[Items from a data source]
•••
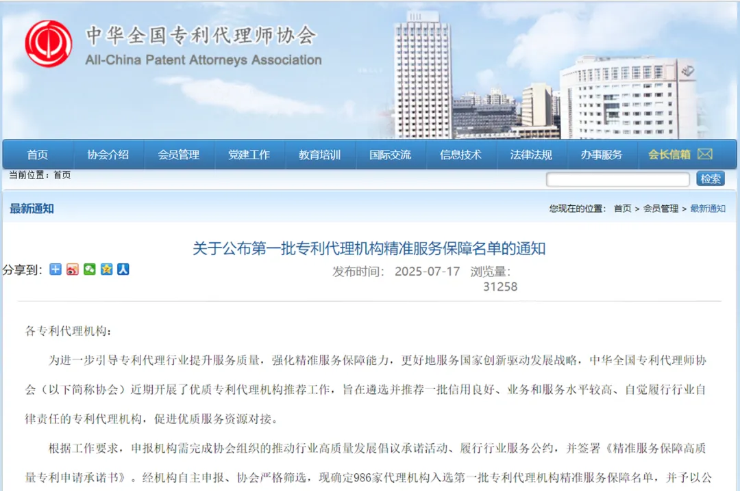 光华所凭借长期以来在专利代理服务中的优异表现,成功入选首批中华全国专利代理师协会公布的专利代理机构精准服务保障名单。
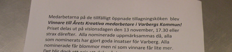 För ett tag sen blev vi nominerade till årets kreativa medarbetare i Varbergs kommun!
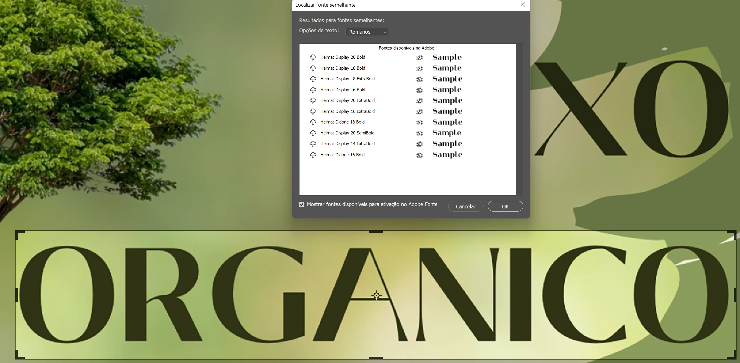 Localizar fonte semelhante - Texto de exemplo "Sample"
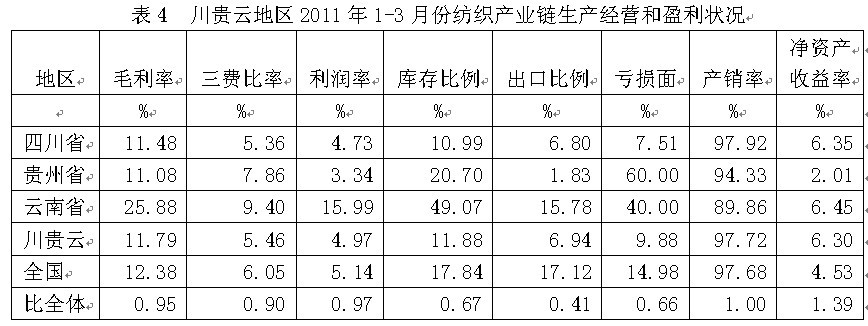 從生產(chǎn)經(jīng)營和盈利狀況看,川貴云紡織產(chǎn)業(yè)鏈毛利率2011年1-3月份為11.79%,為全國平均數(shù)的0.95倍,三費比率(營業(yè)、管理和財務(wù)費用率之和)為5.46%,為全國平均數(shù)的0.90倍,利潤率為4.97%,為全國平均數(shù)的0.97倍;庫存比率為11.88%,為全國平均數(shù)的0.67倍;出口比例為6.94%,為全國平均數(shù)的0.41倍;企業(yè)虧損面為9.88%,為全國平均數(shù)的0.66倍。由此可見,川貴云地區(qū)的盈利狀況接近于全國紡織產(chǎn)業(yè)鏈的平均水平。
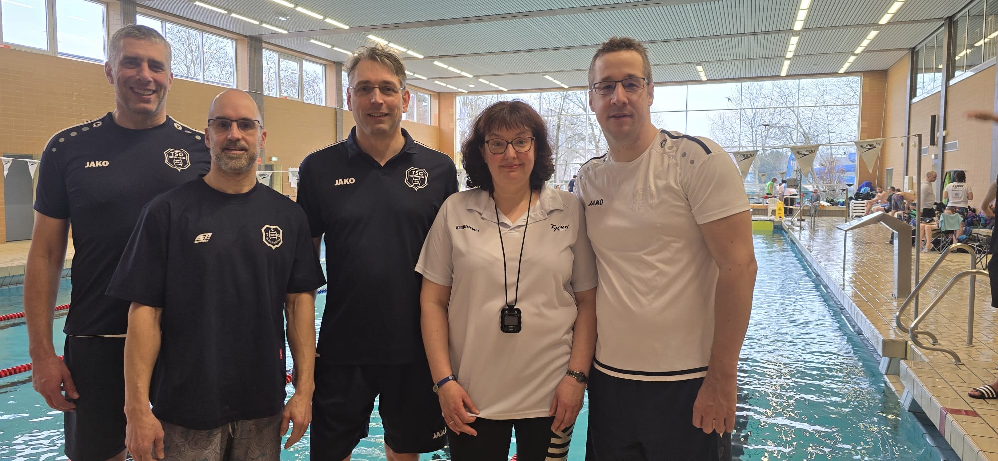 Titelbild: Die Masters-Schwimmer der TSG 1862 Weinheim in Brühl: Steffen Arta, Klaus Henrich, Claus-Jürgen Maier und Ingmar Zacharias mit ihrer Kampfrichterin Alexandra Maier
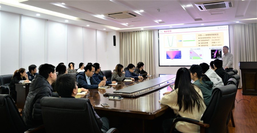 2024年11月15日上午,受江苏师范大学物理与电子工程学院邀请,东南大学苗霖教授来我院学术交流,在物电学院428会议室作了题为“电子平带材料中关联与拓扑”的学术报告,物理与电子工程学院老师和学生参加。
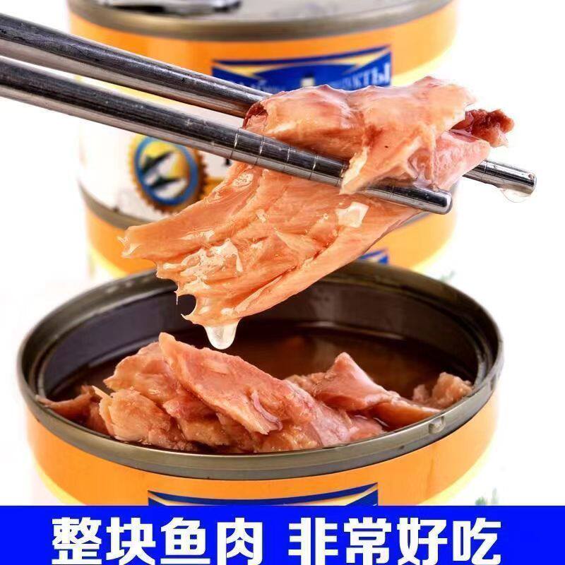 俄罗斯深海蓝鳍金枪鱼罐头进口优选开盖即食鱼肉高蛋代餐沙拉熟食
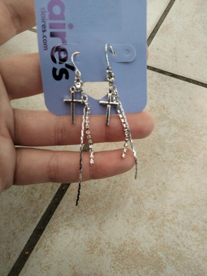 Boucles d'oreilles pendantes avec croix - photo numéro 3
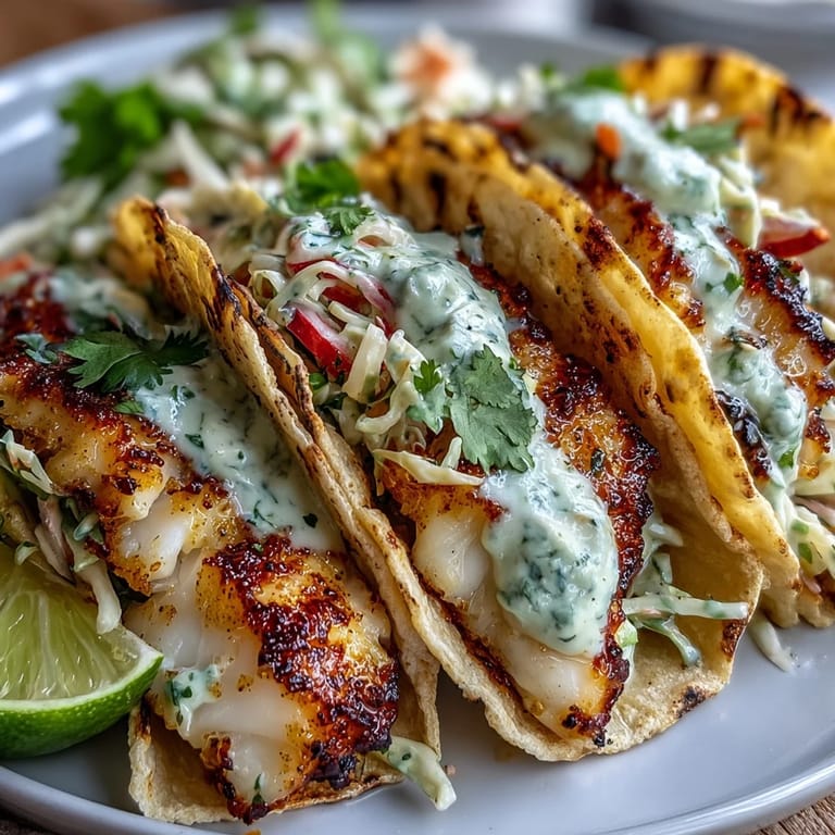 Save Experience the vibrant flavors of summer with these Coconut Lime Grilled Fish Tacos. Tender white fish fillets soak up a luscious marinade of creamy coconut milk and bright lime zest before hitting the grill. Each bite is complemented by a crunchy red cabbage and carrot slaw, tossed in fresh lime juice and cilantro. Finished with a tangy coconut lime crema, these tacos offer a perfect balance of zest, creaminess, and texture, making them an effortless yet impressive main dish for any occasion.
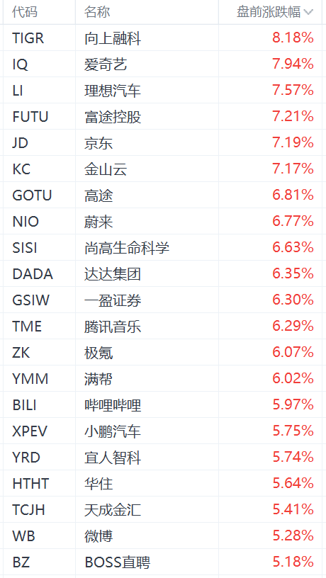 格隆汇9月24日|港A股市飙升,刺激美股市场热门中概股盘前集体大涨。其中,老虎证券涨超8%镇江期货配资,爱奇艺、理想汽车、富途、京东、金山云涨超7%,高途、蔚来、达达集团、腾讯音乐、极氪、满帮涨超6%,哔哩哔哩、小鹏汽车、华住、微博、BOSS直聘涨超5%,阿里巴巴、贝壳、网易、有道、拼多多涨超5%,百度、虎牙、雾芯科技、携程网涨超3%。
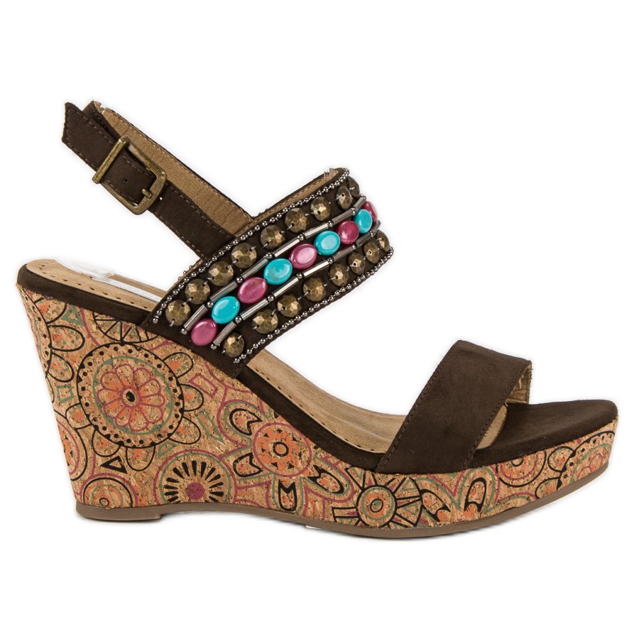 Szczegóły: Corina Sandały na korkowej koturnie brązowe
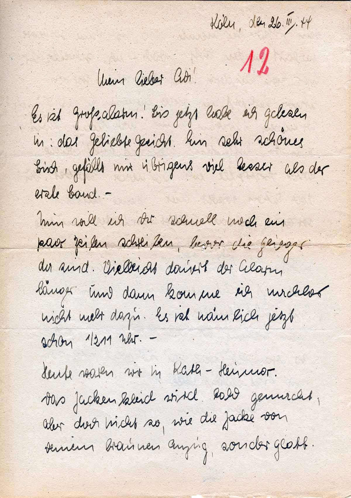 Nun will ich Dir schnell noch ein paar Zeilen schreiben, bevor die Flieger da sind. Vielleicht dauert der Alarm länger und dann komme ich nachher nicht mehr dazu. Es ist nämlich jetzt schon ½ 11 Uhr.
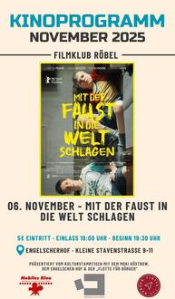 Röbel (at). Am 6. November präsentiert der Filmklub Röbel erneut anspruchsvolles Kino im Engelschen Hof. Gezeigt wird "Mit der Faust in die Welt schlagen“. Zwei Brüder, aufgewachsen im Schatten der Gewalt, suchen ihren Platz in einer Welt, die ihnen keinen bietet. Zwischen Enge, Wut und Sehnsucht erzählt „Mit der Faust in die Welt schlagen“ von einem Aufbruch – roh, ehrlich und intensiv. Ein Film über Herkunft, Widerstand und die Kraft, eigene Wege zu gehen.
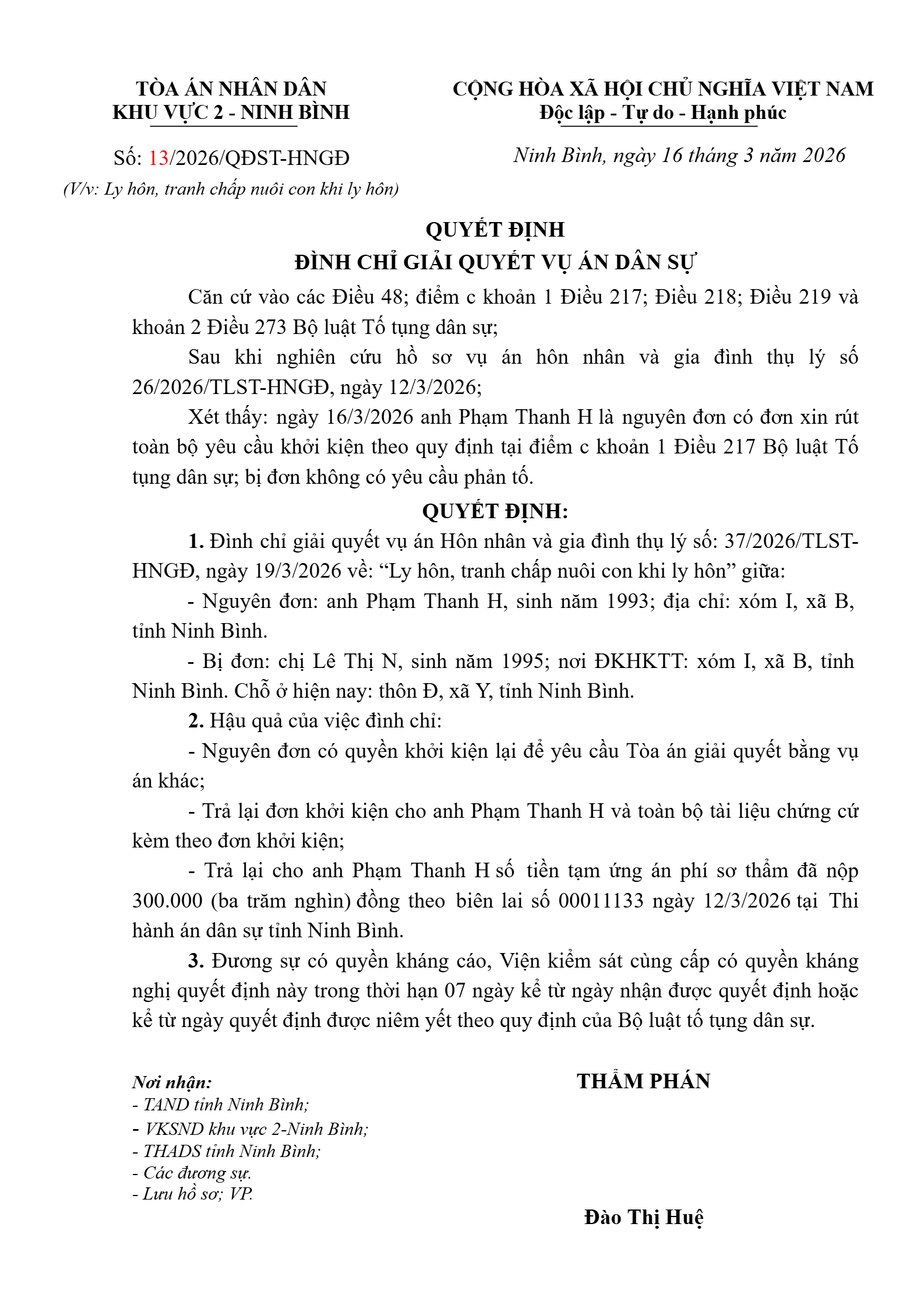 Quyết định số 13/2026/QĐST-HNGĐ ngày 16/03/2026 của Tòa án nhân dân khu vực 2 - Ninh Bình, tỉnh Ninh Bình về vụ án ly hôn về mâu thuẫn gia đình
•••
= Activity =
Please transcribe all of the entries word for word, with the pictures left out.

= Solution to this task =
 光华所凭借长期以来在专利代理服务中的优异表现,成功入选首批中华全国专利代理师协会公布的专利代理机构精准服务保障名单。
 För ett tag sen blev vi nominerade till årets kreativa medarbetare i Varbergs kommun!
 Localizar fonte semelhante - Texto de exemplo "Sample"
 從生產(chǎn)經(jīng)營和盈利狀況看,川貴云紡織產(chǎn)業(yè)鏈毛利率2011年1-3月份為11.79%,為全國平均數(shù)的0.95倍,三費比率(營業(yè)、管理和財務(wù)費用率之和)為5.46%,為全國平均數(shù)的0.90倍,利潤率為4.97%,為全國平均數(shù)的0.97倍;庫存比率為11.88%,為全國平均數(shù)的0.67倍;出口比例為6.94%,為全國平均數(shù)的0.41倍;企業(yè)虧損面為9.88%,為全國平均數(shù)的0.66倍。由此可見,川貴云地區(qū)的盈利狀況接近于全國紡織產(chǎn)業(yè)鏈的平均水平。
 Titelbild: Die Masters-Schwimmer der TSG 1862 Weinheim in Brühl: Steffen Arta, Klaus Henrich, Claus-Jürgen Maier und Ingmar Zacharias mit ihrer Kampfrichterin Alexandra Maier
 2024年11月15日上午,受江苏师范大学物理与电子工程学院邀请,东南大学苗霖教授来我院学术交流,在物电学院428会议室作了题为“电子平带材料中关联与拓扑”的学术报告,物理与电子工程学院老师和学生参加。
 俄罗斯深海蓝鳍金枪鱼罐头进口优选开盖即食鱼肉高蛋代餐沙拉熟食
 Boucles d'oreilles pendantes avec croix - photo numéro 3
 Save Experience the vibrant flavors of summer with these Coconut Lime Grilled Fish Tacos. Tender white fish fillets soak up a luscious marinade of creamy coconut milk and bright lime zest before hitting the grill. Each bite is complemented by a crunchy red cabbage and carrot slaw, tossed in fresh lime juice and cilantro. Finished with a tangy coconut lime crema, these tacos offer a perfect balance of zest, creaminess, and texture, making them an effortless yet impressive main dish for any occasion.
 格隆汇9月24日|港A股市飙升,刺激美股市场热门中概股盘前集体大涨。其中,老虎证券涨超8%镇江期货配资,爱奇艺、理想汽车、富途、京东、金山云涨超7%,高途、蔚来、达达集团、腾讯音乐、极氪、满帮涨超6%,哔哩哔哩、小鹏汽车、华住、微博、BOSS直聘涨超5%,阿里巴巴、贝壳、网易、有道、拼多多涨超5%,百度、虎牙、雾芯科技、携程网涨超3%。
 Szczegóły: Corina Sandały na korkowej koturnie brązowe
 Nun will ich Dir schnell noch ein paar Zeilen schreiben, bevor die Flieger da sind. Vielleicht dauert der Alarm länger und dann komme ich nachher nicht mehr dazu. Es ist nämlich jetzt schon ½ 11 Uhr.
 Röbel (at). Am 6. November präsentiert der Filmklub Röbel erneut anspruchsvolles Kino im Engelschen Hof. Gezeigt wird "Mit der Faust in die Welt schlagen“. Zwei Brüder, aufgewachsen im Schatten der Gewalt, suchen ihren Platz in einer Welt, die ihnen keinen bietet. Zwischen Enge, Wut und Sehnsucht erzählt „Mit der Faust in die Welt schlagen“ von einem Aufbruch – roh, ehrlich und intensiv. Ein Film über Herkunft, Widerstand und die Kraft, eigene Wege zu gehen.
 Quyết định số 13/2026/QĐST-HNGĐ ngày 16/03/2026 của Tòa án nhân dân khu vực 2 - Ninh Bình, tỉnh Ninh Bình về vụ án ly hôn về mâu thuẫn gia đình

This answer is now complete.